An essential database security solution must provide fundamental features such as: reporting, asset discovery, vulnerability management, and most importantly, database auditing capabilities.
Auditing is the most comprehensive component of a database security solution, it is a key element. Auditing implementation requires exceptional development and configuration for it to function flawlessly.
As of today, there are two main methods to deploy a database security solution with an audit trail:
- Agentless – Extract the trail from the asset’s native audit trail
- Agent based – Extract the trail by parsing the asset network traffic
Each method has its pros and cons and each mainly covers different use cases. Generally, native logs are better suited for forensics and compliance use cases, whereas the latter is better suited to security and enterprise-grade deployments.
This post outlines the technological evolution of data security agents over the last two decades. Rather than focusing on an actual product development and chronological chain of events, we’ll simply discuss the evolution of the technologies in use, emphasizing the reasoning and limitations of each technology and outline the key points that led to adoption of newer solutions that may address security gaps that have evolved.

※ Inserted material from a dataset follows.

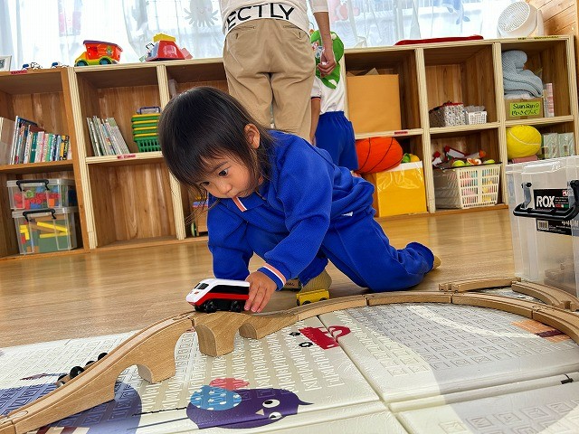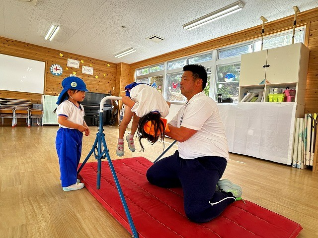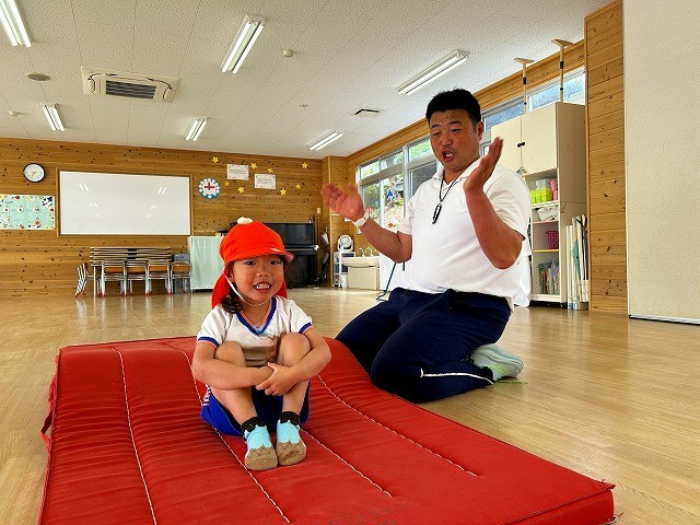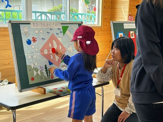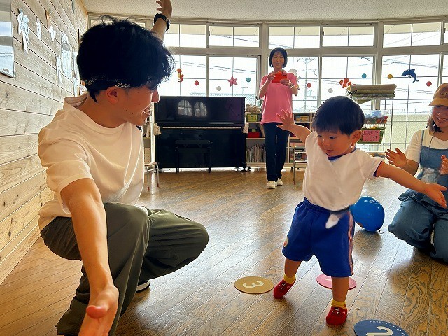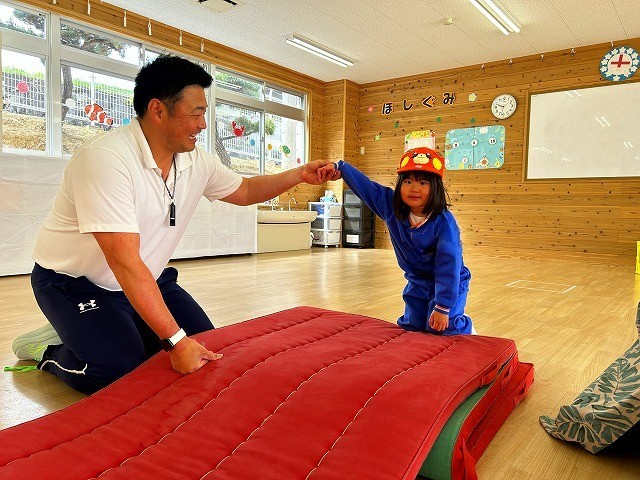 数字が書いてあるポイントマットの上でリズムに合わせてステップを踏んだり、マットや鉄棒を使って身体を動かしたり、ひらがなが書いてあるブロックを使って単語を作ったりと様々な体験を楽しむことが出来ましたね![]()

Let’s start at the beginning
As we continue with a global digital transformation, more valuable digital data is being created. Yet, since the early days of the digital journey, a dedicated solution for data protection in the digital space was required.
In order to maintain regulatory compliance and detect sensitive data breaches in time to stop them, visibility and control are required to be major components of this solution.
Database Activity Monitoring (DAM) is the holistic solution that has evolved over time. And our story of agents’ evolution begins exactly in those early days.
In the early internet days, network operators were not too aware about cyber risk so the security posture was not too sophisticated. To generate an audit trail, one could simply sniff the bits and bytes flowing through the database’s wire and pass them through a protocol-specific parser.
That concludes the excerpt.